**ASSIGNED TASK:** Give the listing again character for character, but drop the images.

*** Opening of COLLECTED DATA ***

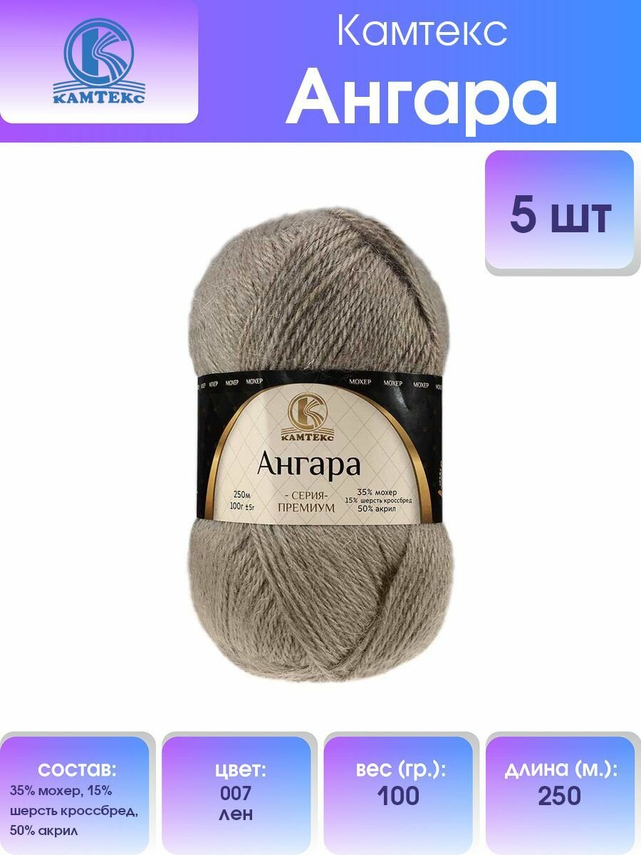 Пряжа Камтекс Ангара (007), лен, 5 шт. по 100 г
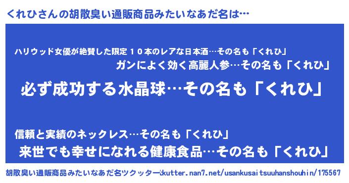 | ヘコむあだ名 | 『くれにゅー』『くれひ(爆)』 |
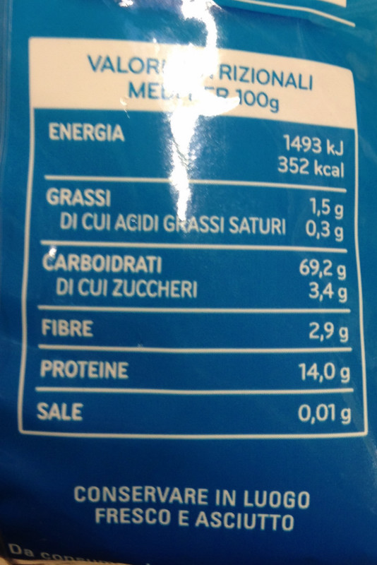 Barcode EAN:   8001250120267 Energy kcal/100g:   352 Satured Fat (per 100g)g:   0.3 Sugar into Carbohydrates (per 100g)g:   3.4 Proteines (per 100g)g:   14 Calcium CA/ mg (per 100g)g:   Gluten:   Made in:   Italy Bought here:   Last update:   2017-03-19 16:32:47 | Brand:   Fat (per 100g)g:   1.5 Carbohydrates (per 100g)g:   69.2 Fiber (per 100g)g:   2.9 Salt - Sodium (per 100g)g:   0.01 Ingredients (Indicative):   Production type:   Price €:   Cooking time - min.:   14 |

*** Close of COLLECTED DATA ***

**ANSWER TO THIS PROBLEM:**
 Пряжа Камтекс Ангара (007), лен, 5 шт. по 100 г
 | ヘコむあだ名 | 『くれにゅー』『くれひ(爆)』 |
 Barcode EAN:   8001250120267 Energy kcal/100g:   352 Satured Fat (per 100g)g:   0.3 Sugar into Carbohydrates (per 100g)g:   3.4 Proteines (per 100g)g:   14 Calcium CA/ mg (per 100g)g:   Gluten:   Made in:   Italy Bought here:   Last update:   2017-03-19 16:32:47 | Brand:   Fat (per 100g)g:   1.5 Carbohydrates (per 100g)g:   69.2 Fiber (per 100g)g:   2.9 Salt - Sodium (per 100g)g:   0.01 Ingredients (Indicative):   Production type:   Price €:   Cooking time - min.:   14 |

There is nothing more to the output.